On the other hand, we also have several million log records from user
searches in our online catalog.  The subject searches would, like
the catalog data, be skewed toward information retrieval, as compared
with the Brown Corpus, and might be useful as representing the concept
space of real people, as opposed to librarians, computer scientists, and
other information workers.  Again, the value of the data, as I see it,
is primarily related to term weighting.  Let me know if you're
interested in this data, either in raw or condensed form.  . . .

Of course, given that you're working with AILIST, maybe the Brown
Corpus is the most appropriate text for word counting, other than the
digests themselves.  But comparing the different distributions may
still be useful, if someone wants to do it.

[Note: this might be of interest to others - has any one developed
statistics of this type?
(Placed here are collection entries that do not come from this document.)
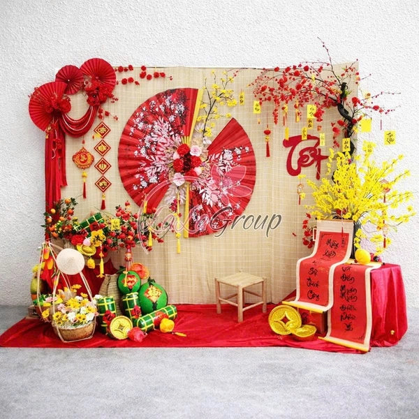 Tông màu hồng - đỏ - vàng được phối hợp tinh tế giúp không gian trở nên ấm áp, tươi sáng và mang ý nghĩa sum vầy, hạnh phúc đầu năm. Sản phẩm thi công nhanh, bền màu và dễ dàng di chuyển, rất thích hợp cho những ai muốn tạo nên một tiểu cảnh Tết ấn tượng, thu hút mà vẫn giữ được nét truyền thống xen lẫn hiện đại.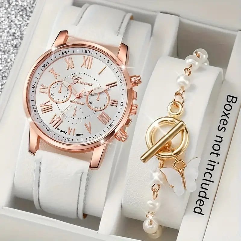 مجموعة ساعات كوارتز نسائية بأسلوب المينيمالي من 2 قطع، ساعة واحدة + سوار واحد، مناسبة للاستخدام اليومي أو لتقديم الهدايا، مجموعة ساعات نسائية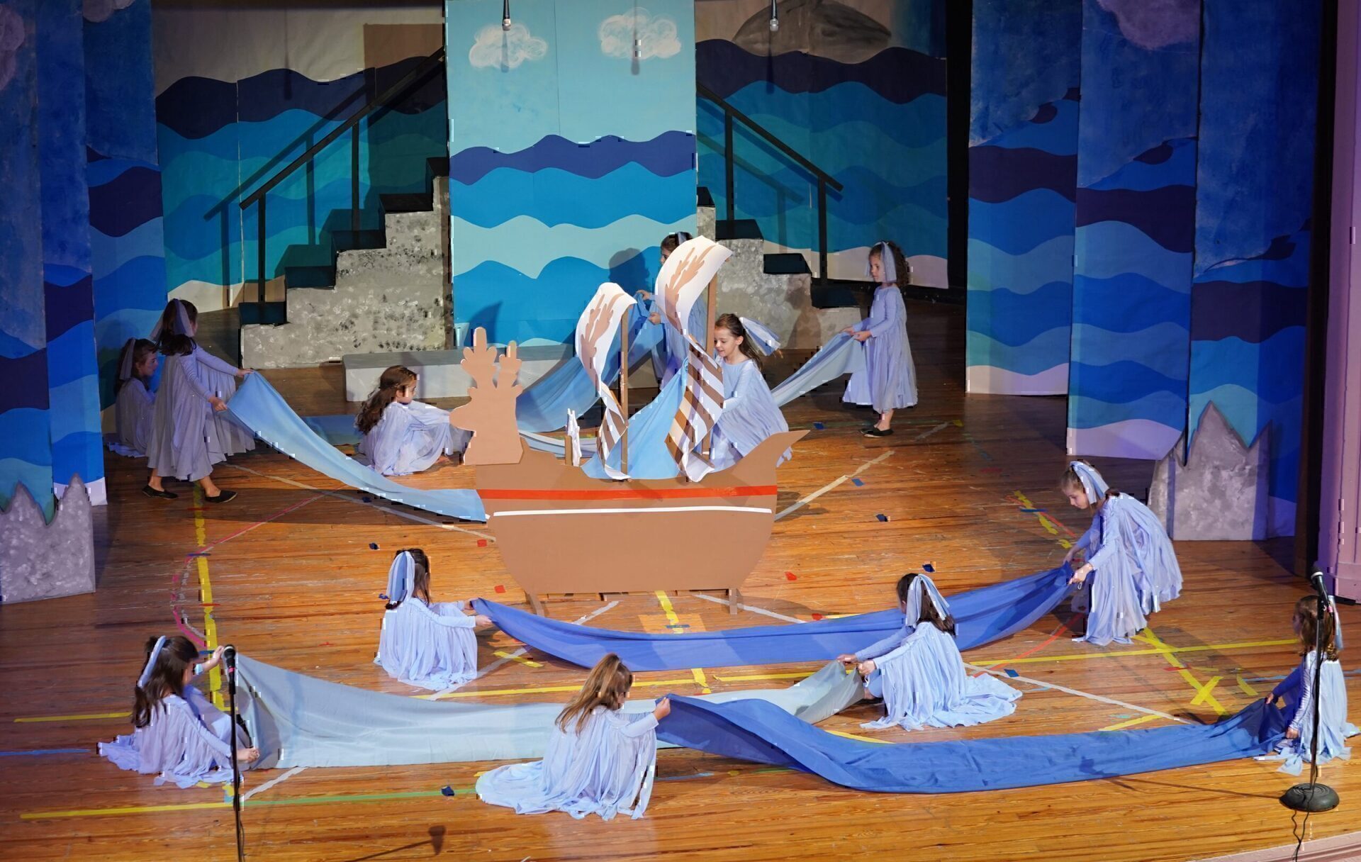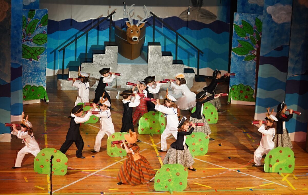 Τα προνήπια και τα νήπια τού Αρσακείου Νηπιαγωγείου Ψυχικού τα οποία παρουσίασαν την παράσταση, μεταμορφώθηκαν άλλοτε σε ζώα, όπως ελάφια, αλεπούδες, σκίουροι, λαγοί, ποντικάκια και χελώνες, άλλοτε σε ήρεμα ή μανιασμένα κύματα και άλλοτε σε πειρατές. Με υψηλής αισθητικής κοστούμια και εντυπωσιακά σκηνικά, ζωντάνεψαν το παραμύθι και μέσα από ευρηματικές και αισθαντικές χορογραφίες, αφηγήθηκαν την ιστορία του. Οι όμορφες, πρωτότυπες συνθέσεις, τραγουδισμένες από τις μαγευτικές φωνές των παιδιών, πλαισίωσαν την παράσταση.

Does anyone have comments?  One thing I might
be able to do is to put up a merged word list with frequency info.
from various sources, on one of the CDROMs we will be mastering - let
me know if anyone thinks these statistics might be of value for
weighting experiments. - Ed]

------------------------------

Date: Sun, 11 Oct 87 23:48:02 EDT
From: dws@EDDIE.MIT.EDU (Don W. Saklad)
Subject: barriers to library access

Subtle pervasive censorship by library officials at our Boston Public Library
still continues after the appointment of the new director.  Savvy visitors
and users ask for documentation such as annual reports and library system
manuals so to know the system and thus develop effective and efficient
techniques like people who've made careers in libraries.  Reference services
decline these inquiries and related requests sometimes as whimsical or
intrusive.

The point is that the 130 year old public library should conserve and maintain
archives.  Even our library board's public meetings should be accessible,
instead of the intimidation that has discouraged civic interest.  Also
marketing the library should encourage civic participation with comment,
criticism, praise and suggestions.  BPL public relations seems to be this
formulated paternalistic approach to constituent groups that through long
experience they know what's best for everyone without asking.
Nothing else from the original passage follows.